### DATA
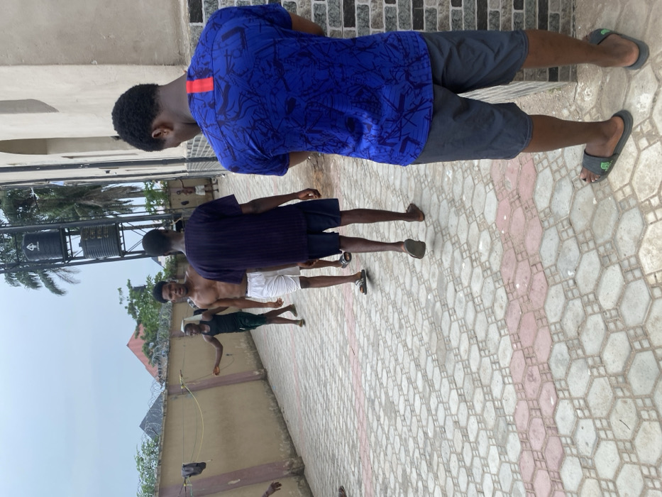 Four shirtless young men are standing in a backyard on a day with a cloudy sky. The backyard has a patterned brick floor and is enclosed by a wall. One man is using a jump rope. One man is wearing white shorts and another is wearing dark shorts. The fourth man is wearing a blue shirt and gray shorts. They are all facing away from the camera.
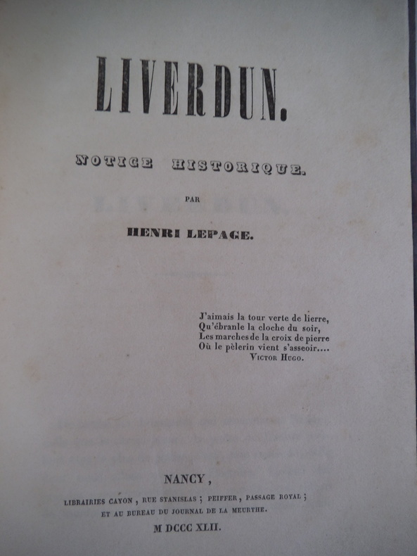 notice historique in 8 demi-cuir foncé, titre filets dorés. Faux-titre, titre, 64 pages. Nancy librairie CAYON 1842 exlibris.suivi monnaie inédite de thomas de Bourlemont frappée à Liverdun et Liverdun historique, pittoresque et industriel au commencement de 1899. Par Aimé LURENT titre, 34 page, 1 page de table des matières. Bien complet de la carte dépliante Très rare
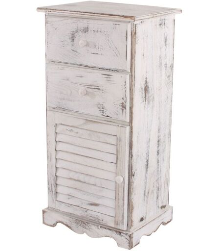 HHG - Commode / armoire, 2 tiroirs, 1 porte, 40x32x80cm, shabby, vintage, blanc
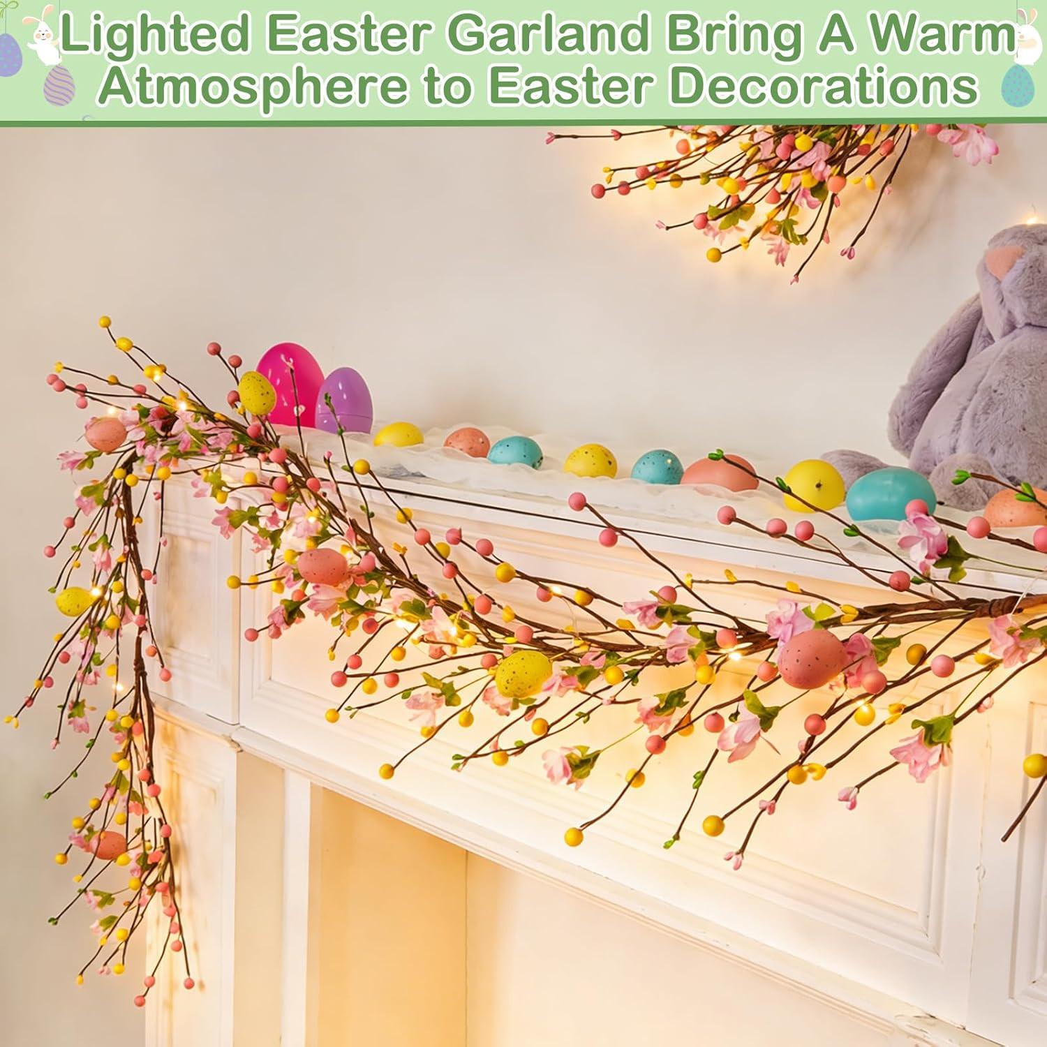 как выглядит 6 Ft Easter Garland with Lights Timer Easter Decorations, Artificial Easter Egg фото

### INSTRUCTIONS FOR THE TASK
Could the listing above be transcribed exactly, with the pictures left out?

### SOLUTION FOR THIS TASK
 Four shirtless young men are standing in a backyard on a day with a cloudy sky. The backyard has a patterned brick floor and is enclosed by a wall. One man is using a jump rope. One man is wearing white shorts and another is wearing dark shorts. The fourth man is wearing a blue shirt and gray shorts. They are all facing away from the camera.
 notice historique in 8 demi-cuir foncé, titre filets dorés. Faux-titre, titre, 64 pages. Nancy librairie CAYON 1842 exlibris.suivi monnaie inédite de thomas de Bourlemont frappée à Liverdun et Liverdun historique, pittoresque et industriel au commencement de 1899. Par Aimé LURENT titre, 34 page, 1 page de table des matières. Bien complet de la carte dépliante Très rare
 HHG - Commode / armoire, 2 tiroirs, 1 porte, 40x32x80cm, shabby, vintage, blanc
 как выглядит 6 Ft Easter Garland with Lights Timer Easter Decorations, Artificial Easter Egg фото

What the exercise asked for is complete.